FIG. 2 shows a possible identification routine. After the start, the model-specific identification is performed by inputting through the keyboard 8. Next, for each model, one with a pile structure and one without a pile structure (no pile structure) are automatically identified. In the case of a pileless structure, the floating section
Either the plain stitch or the second stitch is identified. In the specific table selected according to the knitting structure thus determined,
The yarn feeding value FZ is stored as a function of the knitted fabric driving value WA and the shogging length SW. Since this shogging length SW is determined in the identification routine and the knitting fabric driving value WA is preset, the specific yarn feeding value FZ can be read out for the knitting course.
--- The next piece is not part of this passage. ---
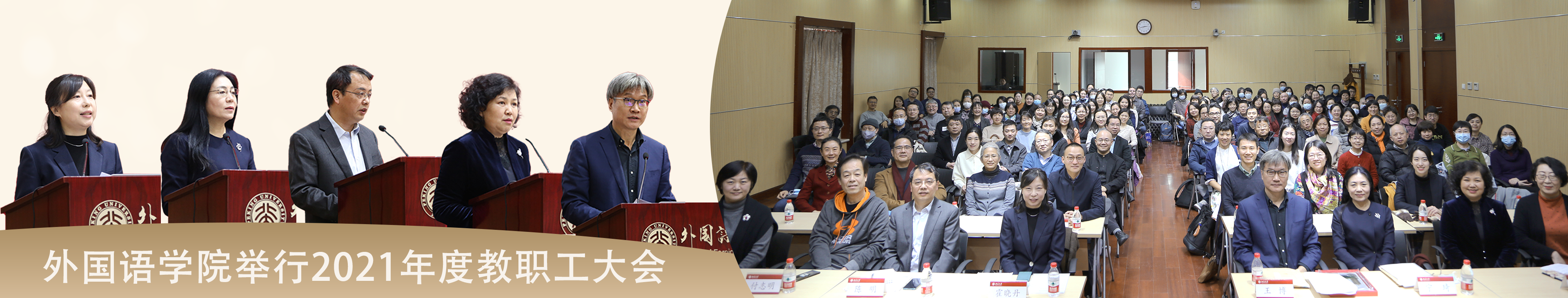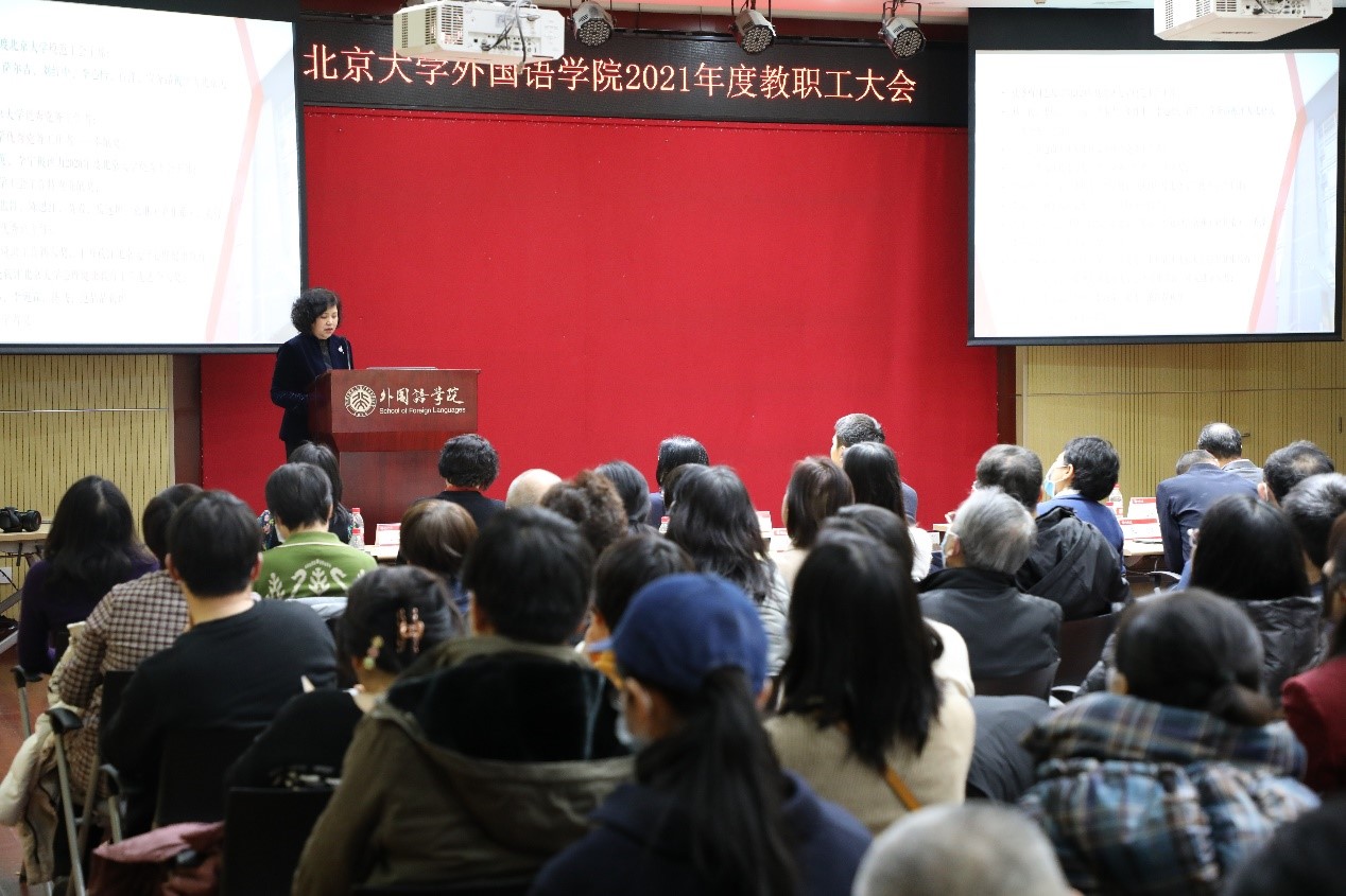 2021年12月31日,外国语学院在新楼501多功能厅举行教职工大会。北京大学副校长王博、党委组织部常务副部长霍晓丹、外院党政班子成员及教职工等百余人参加。会议由外院党委书记李淑静主持。

This is illustrated in FIG. The shogging length SW is indicated by a needle value, that is, a multiple of the needle pitch, and the knitted fabric driving value WA is indicated by the number of stitches per cm.
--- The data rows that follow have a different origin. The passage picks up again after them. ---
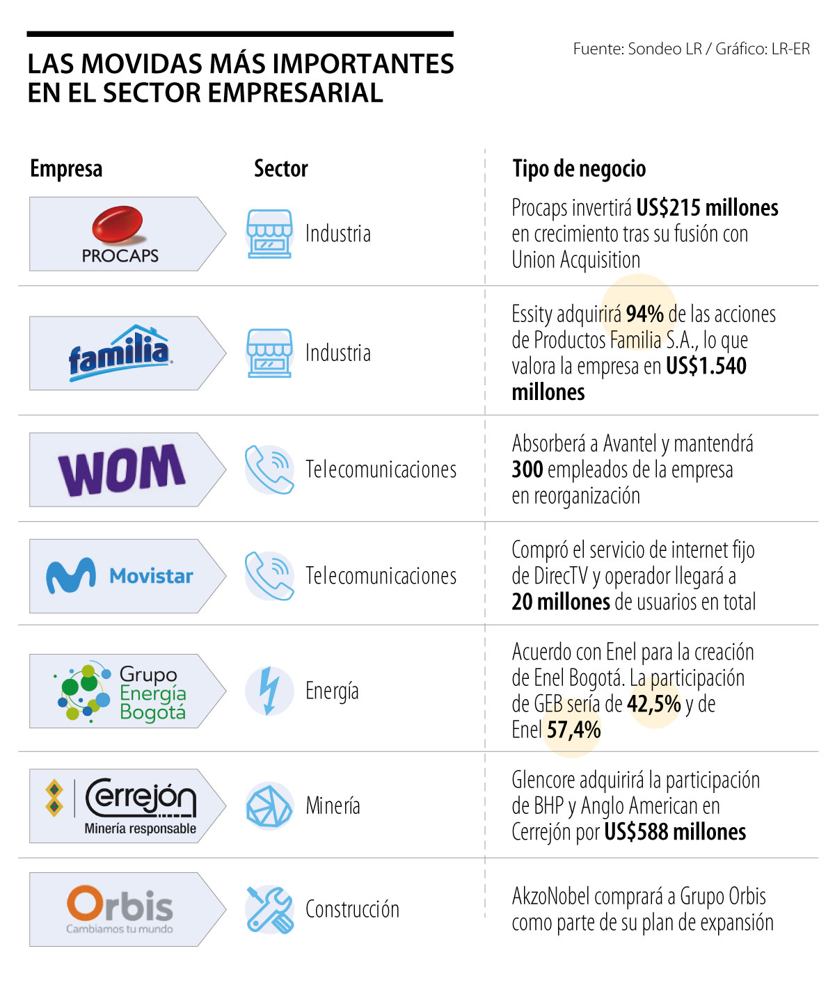 A pesar de que muchas personas esperaban que en 2021 la reactivación económica diera un gran salto, esto se vio marcado por nuevas restricciones y bloqueos en el paro nacional; sin embargo, en solo seis meses se han hecho siete movidas importantes con empresas protagonistas como Procaps, Familia, WOM, Movistar, GEB, entre otras.
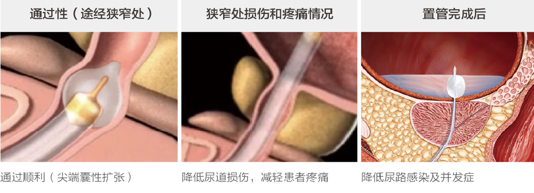 球囊柔性扩张尿道狭窄部位,能减少对尿道的损伤或感染。
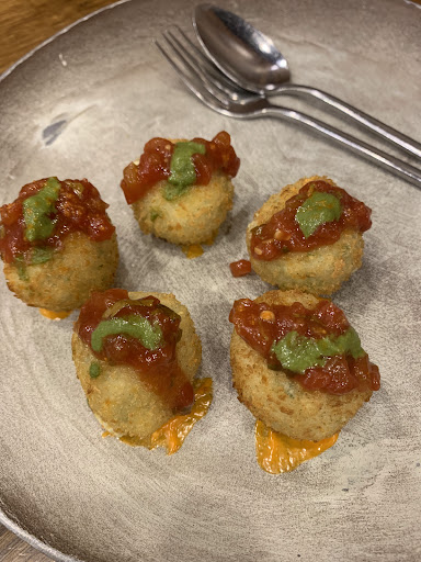 Appetizers: La Veggie Coins – A chef’s special dish which had pan seared green peas patties with chimichurri. Delicious and tasty.
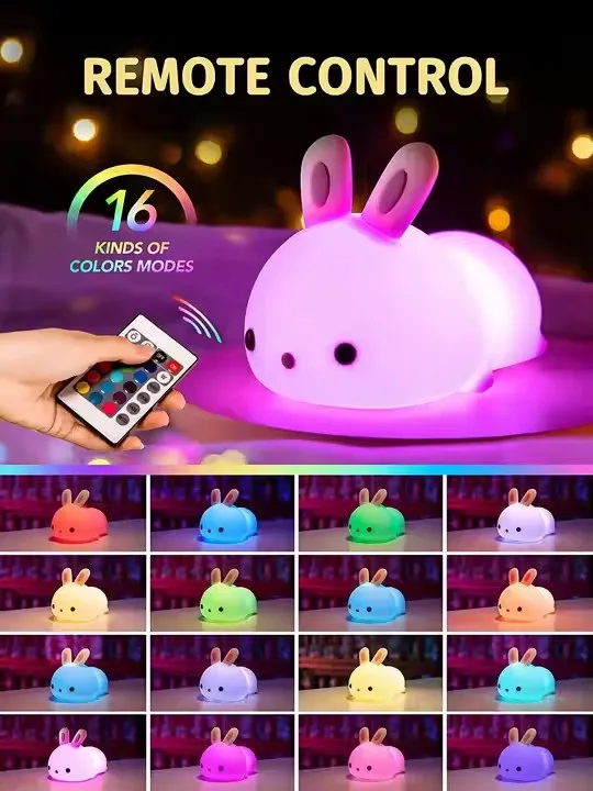 Rabbit LED Night Light Silicone Animal Cartoon Dimmable Lamp USB Rechargeable For Children Kids Baby Gift Bedside Bedroom

In FIG. 3, the values x, y and z correspond to yarn feeding values.

The eight tables shown in FIG. 4 correspond to the knitting structures classified by the identification routine shown in FIG.
In practice, such a table can be provided for each model.
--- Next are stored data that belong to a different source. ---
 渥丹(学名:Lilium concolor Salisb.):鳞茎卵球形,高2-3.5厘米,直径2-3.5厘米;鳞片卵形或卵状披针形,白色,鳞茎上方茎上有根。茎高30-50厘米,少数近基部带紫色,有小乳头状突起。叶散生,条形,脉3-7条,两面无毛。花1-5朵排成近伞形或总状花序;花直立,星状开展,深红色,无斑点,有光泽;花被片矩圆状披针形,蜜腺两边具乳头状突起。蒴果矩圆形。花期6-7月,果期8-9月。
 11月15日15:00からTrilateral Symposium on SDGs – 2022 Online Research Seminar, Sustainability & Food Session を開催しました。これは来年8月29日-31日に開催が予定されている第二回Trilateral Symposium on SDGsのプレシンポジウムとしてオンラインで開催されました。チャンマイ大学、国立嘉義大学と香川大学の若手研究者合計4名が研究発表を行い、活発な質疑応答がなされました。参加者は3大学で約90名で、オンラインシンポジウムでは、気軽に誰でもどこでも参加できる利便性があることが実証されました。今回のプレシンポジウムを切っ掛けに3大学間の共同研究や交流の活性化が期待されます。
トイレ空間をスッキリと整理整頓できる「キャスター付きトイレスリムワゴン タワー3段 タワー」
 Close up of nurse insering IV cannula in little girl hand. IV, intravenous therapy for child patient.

Two examples (Example A and Example B) for automatically obtaining the yarn feeding value will be described below.

Example A In this example, the tricot knitting machine taken as a model has a pile thin cover, and the pile thin cover is displaced by one stitch pitch during the underlap in each knitting cycle. The repeat covers 6 formation courses. Knitting machine gauge is 28
E, pile finger height is 2 mm, and knitted fabric driving value is 20 mm / rack.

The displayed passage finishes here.